Abstract
Oncology practice increasingly requires the use of molecular profiling of tumors to inform the use of targeted therapeutics. However, many oncologists use third-party laboratories to perform tumor genomic testing, and these laboratories may not have electronic interfaces with the provider’s electronic medical record (EMR) system. The resultant reporting mechanisms, such as plain-paper faxing, can reduce report fidelity, slow down reporting procedures for a physician’s practice, and make reports less accessible. Vanderbilt University Medical Center and its genomic laboratory testing partner have collaborated to create an automated electronic reporting system that incorporates genetic testing results directly into the clinical EMR. This system was iteratively tested, and causes of failure were discovered and addressed. Most errors were attributable to data entry or typographical errors that made reports unable to be linked to the correct patient in the EMR. By providing direct feedback to providers, we were able to significantly decrease the rate of transmission errors (from 6.29% to 3.84%; P < .001). The results and lessons of 1 year of using the system and transmitting 832 tumor genomic testing reports are reported.
INTRODUCTION
Molecular profiling of tumors is becoming the standard of care in an increasing number of cancer types to inform the practice of precision medicine.1,2 However, the implementation of somatic gene testing into clinical practice can be difficult because the results of such testing can be reported asynchronously and separately from other pathology information.3-5 In addition, tumors are often tested at laboratory facilities that are not integrated with oncologists’ offices and their electronic medical records (EMRs). This disconnect can create challenges in reporting important genetic information from the laboratory to the treating oncologist.6
Oncologists at Vanderbilt University Medical Center (VUMC) have partnered with Foundation Medicine Incorporated (FMI, Cambridge, MA), a provider of tumor exome sequencing, to analyze patients’ tumors for genetic variants that may inform clinical decision making.7 This collaboration, like most with third-party laboratories, has relied on the use of faxed documents to report test results. Although faxing has been the standard for third-party laboratory reporting for decades, the use of black and white faxes with subsequent paper copies that are scanned into an EMR leads to a process that requires many manual steps and results in a loss of color information and poor readability in the EMR8 (Appendix Fig A1, online only). This lack of information interoperability has been cited as a target for improving the practice of precision medicine.9 At VUMC, an assessment of faxed molecular profile reports demonstrated poor information fidelity and lack of provider notification; these issues prevented optimal utility of molecular profiling. We hypothesized that automated electronic reporting from FMI directly into the VUMC EMR could be feasibly implemented and could enable provider notification. We describe the design, evaluation, and implementation over 1 year of using this system.
METHODS
The initial evaluation of somatic gene testing at VUMC was to perform a lean-based assessment with a modified value-stream mapping of ordering tests and reporting workflow.10 To address the shortcomings identified in this assessment, we defined a document structure and a data transfer protocol for electronic laboratory reporting. Through an iterative design and testing process that used lean methodology, a postprocessed laboratory report was packaged into a standardized extensible markup language (XML) document that included demographics, ordering information, and the FMI-designated actionable variants that recapitulate the first page of the paper report. A full-color portable document format (PDF) report was attached to the XML file. By using multiple layers of security, these results were transmitted nightly from FMI to VUMC servers. The files were parsed, matched, and incorporated into VUMC patients’ medical records. Provider information was matched to trigger existing notification methods.11 A log of all transmissions and any detected errors was maintained to evaluate the process. Differences in error rates were compared by using the χ2 test. Because of its quality improvement nature, this work was determined to be unrelated to human subjects (VUMC Institutional Review Board #140813).

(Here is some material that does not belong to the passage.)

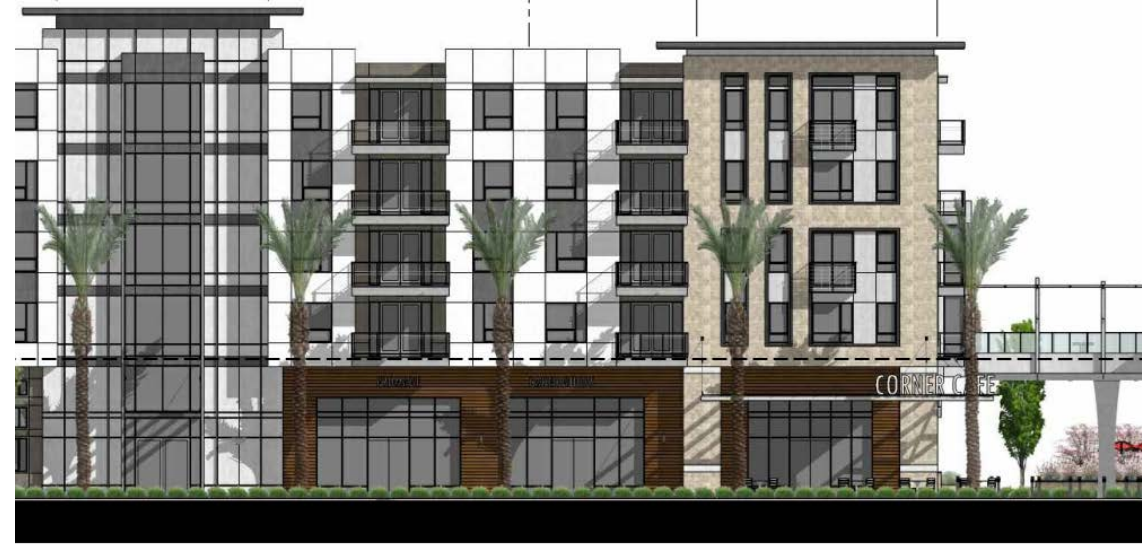
ANTON BOULEVARD ELEVATION

The multidisciplinary team included a nurse who served as the tissue librarian and helped conduct the workflow analysis. Physician members of the Vanderbilt-Ingram Cancer Center Research Informatics Core helped define the data and transmission structure and perform the evaluation and data analysis. Administrators from the Vanderbilt-Ingram Cancer Center helped define functional and security requirements. Members of the VUMC Health Information Technology department created the XML receiver and parser that would incorporate the report into the EMR and trigger automated notification. Staff from FMI performed the molecular profiling, helped define the data and transmission structure, and worked with VUMC Health Information Technology to implement the transmissions.
RESULTS
Analysis of the ordering and reporting workflow revealed that the faxed and scanned laboratory reports were difficult to read, and providers were not consistently being notified when the reports were returned. The data structure and transmission protocol addressed these issues.

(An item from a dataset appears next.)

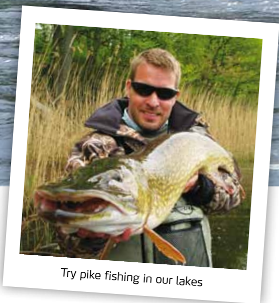
Try pike fishing in our lakes

Transmission feasibility was demonstrated with an initial test transmission of 524 reports that had been created before September 2014. We alerted providers that they would receive multiple notifications via the EMR as these old reports were delivered. Logs of files transmitted by FMI and received by VUMC were identical; 100% of files were received with no evidence of files being lost in transmission. However, 33 files (6.29%) that failed to be incorporated into the EMR were investigated (Fig 1). All reports that were integrated into the EMR demonstrated text quality identical to other EMR elements, and the PDF contained color information at resolution comparable to publications on the Internet (Appendix Fig A1). The system went live with nightly transmission of new reports in October 2014.
FIG 1.
Pareto diagram for 67 genomic report transmission failures. MRN, medical record number.

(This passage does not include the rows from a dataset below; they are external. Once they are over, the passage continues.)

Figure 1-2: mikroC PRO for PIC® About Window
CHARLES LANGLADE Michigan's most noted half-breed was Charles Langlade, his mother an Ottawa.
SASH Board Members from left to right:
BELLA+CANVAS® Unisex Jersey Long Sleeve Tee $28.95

Errors during the initial transmission included reports that failed to integrate into the EMR because of misspelled patient names, incorrect medical record numbers (MRNs), missing date of service, and missing provider information (Fig 2). During the initial transmission, there were also two periods of time in which the receiving VUMC server was unable to communicate with a separate system that verifies patient information, resulting in those reports being rejected. Examples of MRN errors that resulted in reports being rejected included using the pathology accession number for MRN, including the “#” symbol, and typographical errors. Providers who were new to the division accounted for the majority of provider errors; however, these were not rejected outright, but rather incorporated into the EMR and routed to a results reporting team for manual provider notification. Taken as a whole, many errors were attributable to mistakes in the manual ordering process when the test was first ordered.
FIG 2.
Run chart demonstrating the failed and successful genomic report transmissions over 1 year.
After reporting this conclusion to the ordering providers, the error log subsequently demonstrated that fewer files were rejected as a result of increased diligence in ordering. Mean rejection rate decreased from 6.29% (95% CI, 4.21% to 8.38%) to 3.84% (95% CI, 1.92% to 5.74%; P < .001). In fall 2014, the transmissions were halted until January 2015 because of security concerns. When transmissions resumed in January 2015, continued low rates of rejected files were observed until June when 16 files for non-VUMC patients were transmitted and rejected by VUMC servers (Fig 1). This rogue transmission also contained the first file that failed for technical reasons; the file had corrupted contents and is under investigation.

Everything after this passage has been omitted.